それでも言葉を吐き出し続けるリゴルは辛そうだった、よそ見をしていたから……そう思っているのかな?
「しゃーないさ。お前のことだから、グロッキーになってるルベラの代わりに辺りを警戒していたんだろ?その死角で……ってことだ。責任は感じるなよ、お前だけが悪いわけじゃない、目を向けられなかったオレ達も悪かった」
リゴルの頭に優しく手を置いて、大胆な性格の筈のヴェクタがそっと撫でていた。少しだけ、お母さんみたいだなって考えちゃって、リゴルが羨ましくなってしまった。
「か、勘弁してください。俺もう25っすよ」
「オレからみりゃみーんなガキンチョだよ、ほら泣くなら胸かしちゃる!来い!」
「行けないですって!」
ヴェクタの手を払い除けて、ちょっとだけ元気を取り戻したリゴルの様子をみんなが笑ってた。僕も顔の力が抜けた感覚を感じた……そうか、安心すると顔の力が抜けるんだ。覚えておこう。
「では作戦を考えよう。出血が見られるということは、少なからずダメージを負っていることは分かる。だが、これは利点とは限らないな……」
顔に力を入れたサニタスは、顎に手を当ててじぃっとなにかを考え始めた。
みんなで答えを待つのかなと思っていたら、ヴェクタが鞄から瓶と弓矢を取り出して数え出して。リゴルは大きな斧を包んでいた皮製の鞘のようなものを取り除いていた。
「毒薬は心許ないが、強力なのが一回分。

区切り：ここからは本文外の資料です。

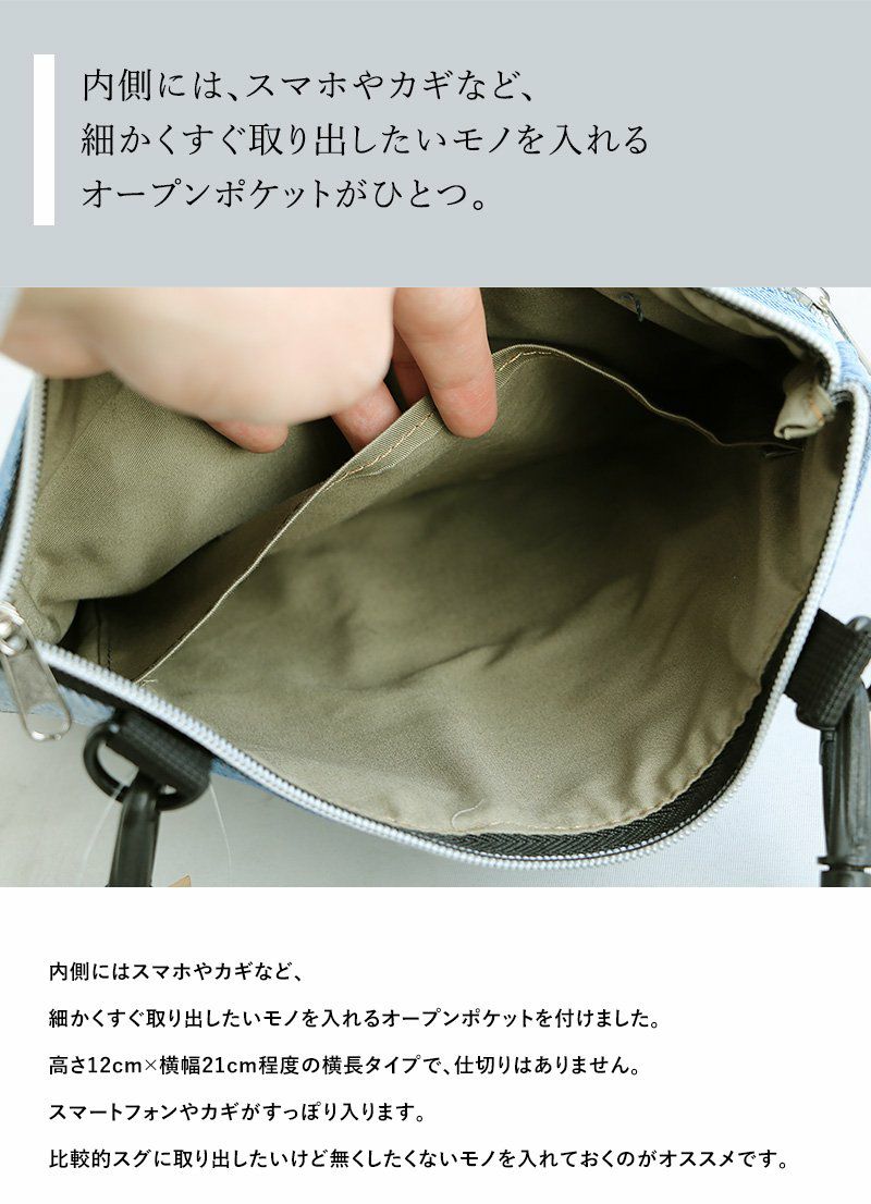 他の画像を見る シンプルな装いでも、このバッグ一つで十分「おかず」になる。 PATY バッグ ショルダー サコッシュ 2WAY 『リメイク パッチワーク ユーズド デニム』 Dカン付き 綿100% 販売価格 ¥ 3,850 税込 在庫切れ カートに入れる お気に入りに登録する

矢の方も数は十分ありそうだ」
「斧はちゃんと研いでいたんで、こっちも問題なしです……仕掛けはなにか使います?」
「今回は罠など意味がない。片付けてくれ」
なにを話しているか分からないのに、みんなはなにをするか理解しているからなのか、淡々と話が進んでる。
僕が口を挟む隙も与えてもらえず、それぞれが準備を進めている。それっぽく振る舞った方がいいのかと思って、剣を抜こうとする手を止められた。
乾いた血の臭いがする、顔を上げればサニタスが悲しそうな目で見つめていた。なにを言われるか構えていると、サニタスの口がゆっくりと開いた。
「貴方には、別の仕事があります」
「え、なんで——」
「大事な仕事ですので、お願いできますか?」
どこか嫌な圧を感じて、言葉にしにくい後ろめたさを感じたけど、大人しくしてたほうがいいなって思って黙って頷いた。